Task description
Only the lines from the one containing "Those familiar counterweights" through the final line below belong in the output, copied exactly and without pictures.

*** Information given

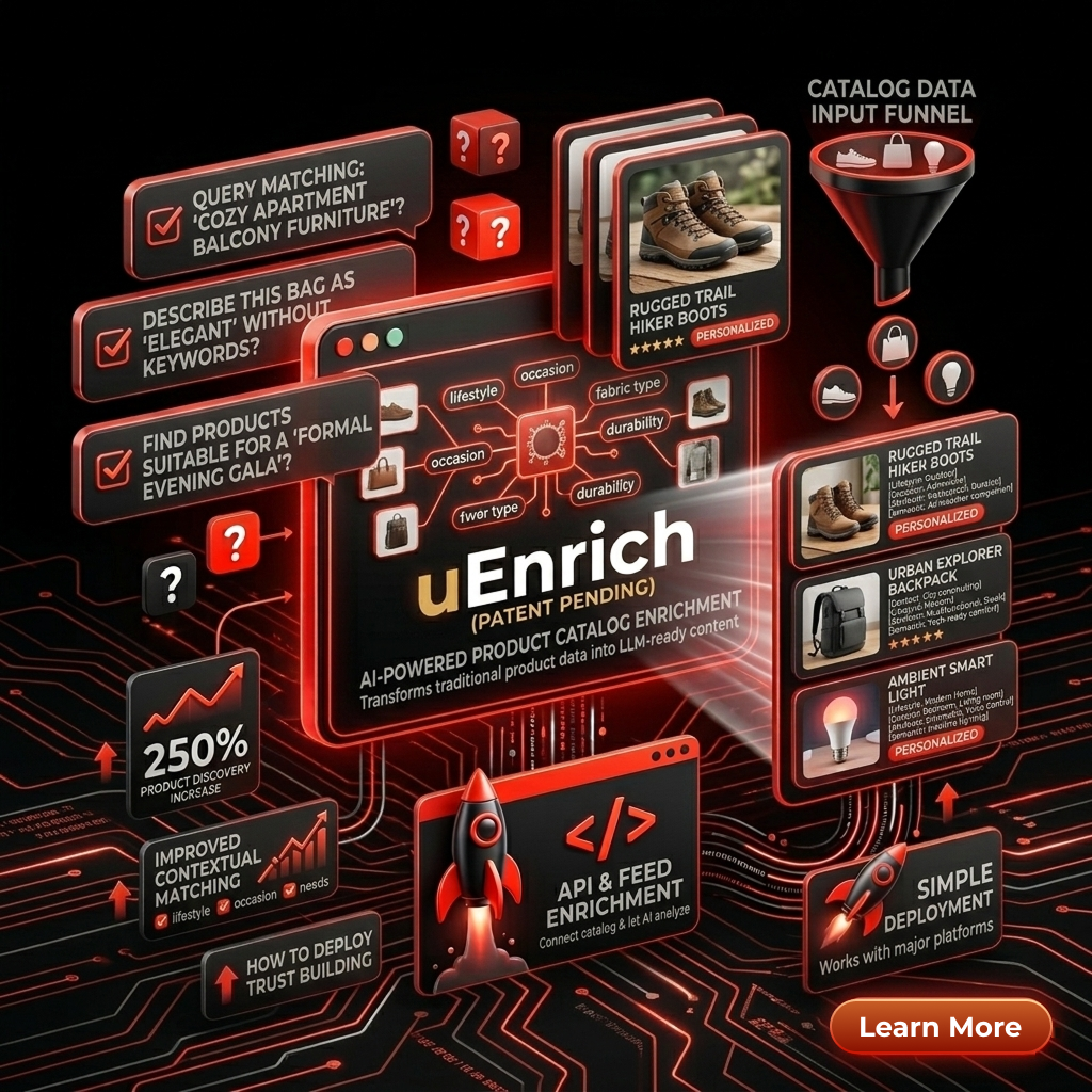 Supercharge your product catalog for the AI era. uEnrich transforms traditional product data into LLM-ready content with contextual attributes, lifestyle associations, and semantic structures that help AI find the perfect match for any customer query.
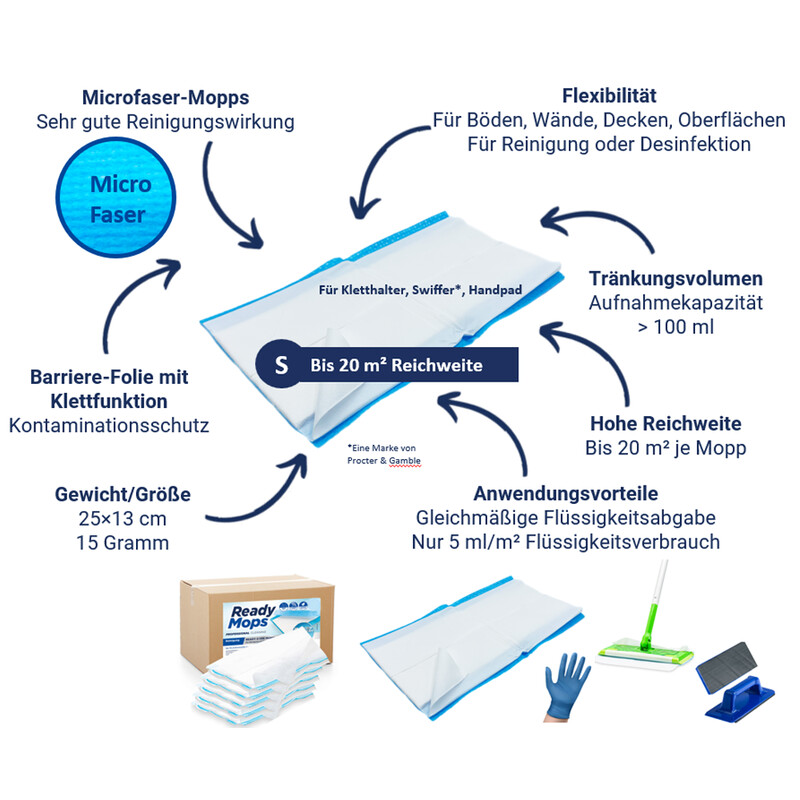 Die Reinigungsmopps lassen sich mit jeden Reinigungsmittel, Desinfektionsmittel oder nur mit Wasser in einem Eimer oder unseren Tränkungsbeuteln tränken. Je Mopp = 100 ml Flüssigkeit. Die Mopps verfügen über hervorragende Reinigungseigenschaften und Schmutzbindeeigenschaften. Im Vergleich zu Mehrweg-Mopps braucht man durch das geringe Eigengewicht des Mopps von 13 Gramm nur maximal 100 ml Tränkungsflüssigkeit bei gleicher Reichweite und besseren Reinigungsergebnissen. Der Reinigungsmopp ist für die hygienische Einmalverwendung gedacht, kann aber auch unter fließendem Wasser mehrmals ausgewaschen werden.
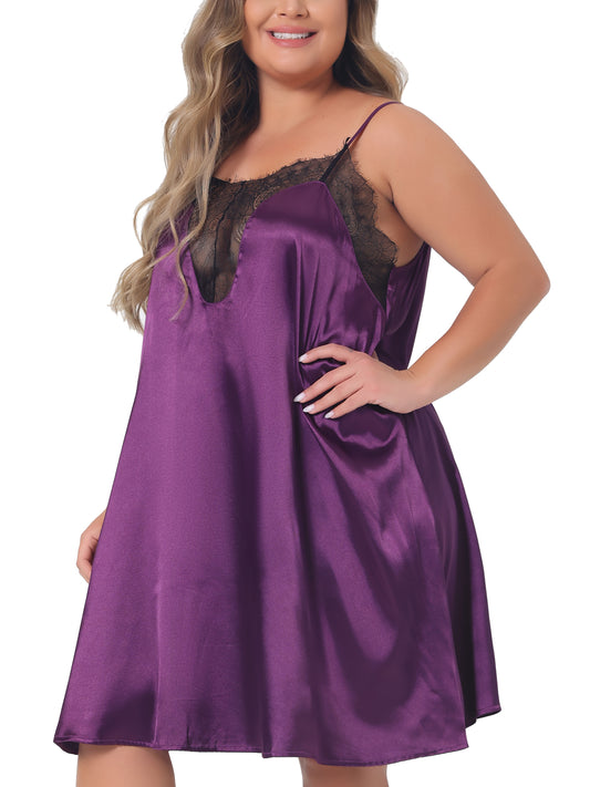 Women Plus Size Lingerie Satin Lace Chemise Nightgown V-Neck Cami Sleeveless Dress Sleepwear
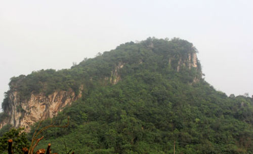 Quả núi Cóc hùng vĩ mọc lên giữa thung lũng. |
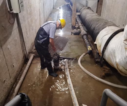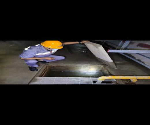 管廊处于地下五米,内部干燥闷热。此次检修因在一平方米左右的受限空间内操作,且蓄水池内积水较多,无法下池检修水泵具体的故障原因,工程人员立即采取措施接通备用水泵连接水带,先将积水排出,并清理蓄水池里的垃圾。狭窄的蓄水池内弥漫着异味,池内能见度几乎为零。几经探查,成功排查出止回阀已损坏。工作人员查明故障原因后,第一时间制定检修方案,顺利完成了抢修,此时汗水已经完全湿透了他们的工作服。
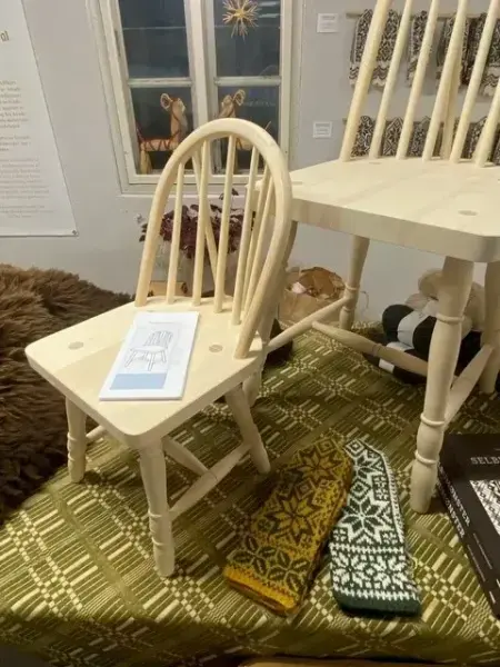 I tillegg formidler vi et lite utvalg lokal husflid, som Budalsstolen, skinn fra lokale bønder og kortreist møbelstoff.
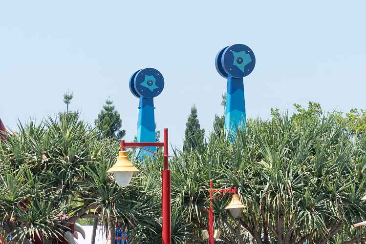 Those familiar counterweights peak out over the tops of the pandanus trees that line Ocean Parade.
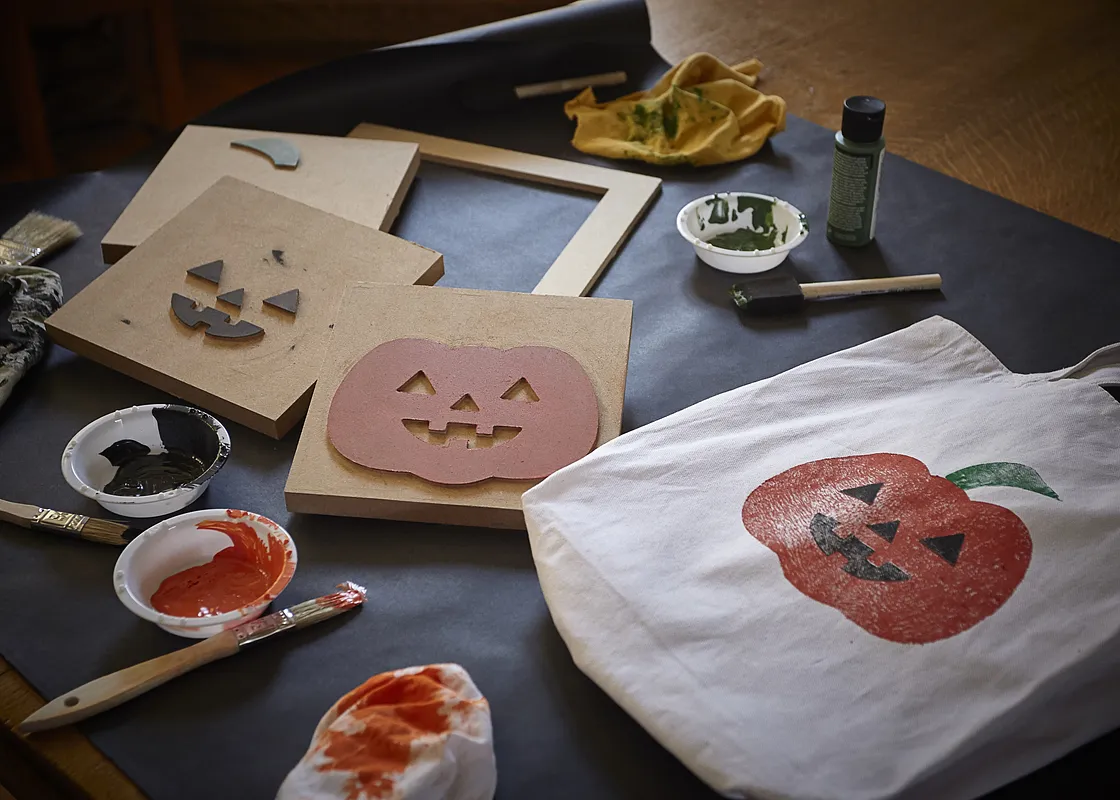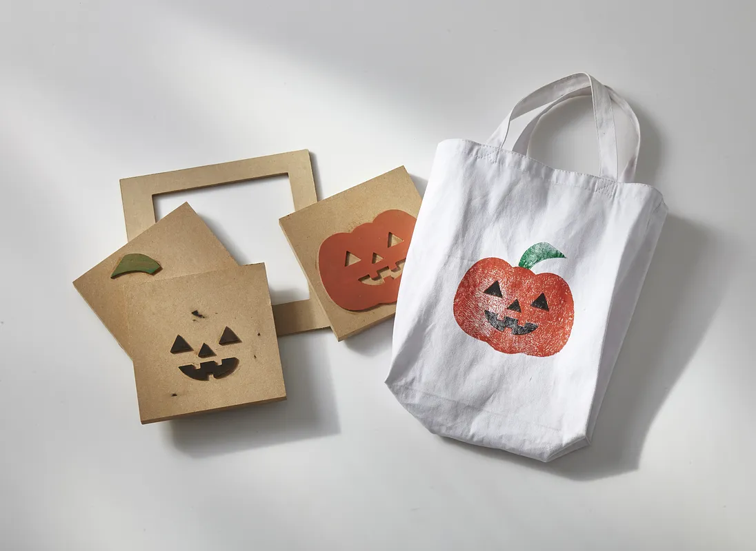 For this step, for the trick or treat bag just cut out the pumpkin background, the face, and the step each separately from 3/4" MDF, and then a positioning template from 1/4" MDF. The blocks are all exactly 7" square. Seal each block with shellac or something similar. Otherwise, the MDF will soak up your ink and your block printing will come out looking rough.

******

Result of this exercise
 Those familiar counterweights peak out over the tops of the pandanus trees that line Ocean Parade.
 For this step, for the trick or treat bag just cut out the pumpkin background, the face, and the step each separately from 3/4" MDF, and then a positioning template from 1/4" MDF. The blocks are all exactly 7" square. Seal each block with shellac or something similar. Otherwise, the MDF will soak up your ink and your block printing will come out looking rough.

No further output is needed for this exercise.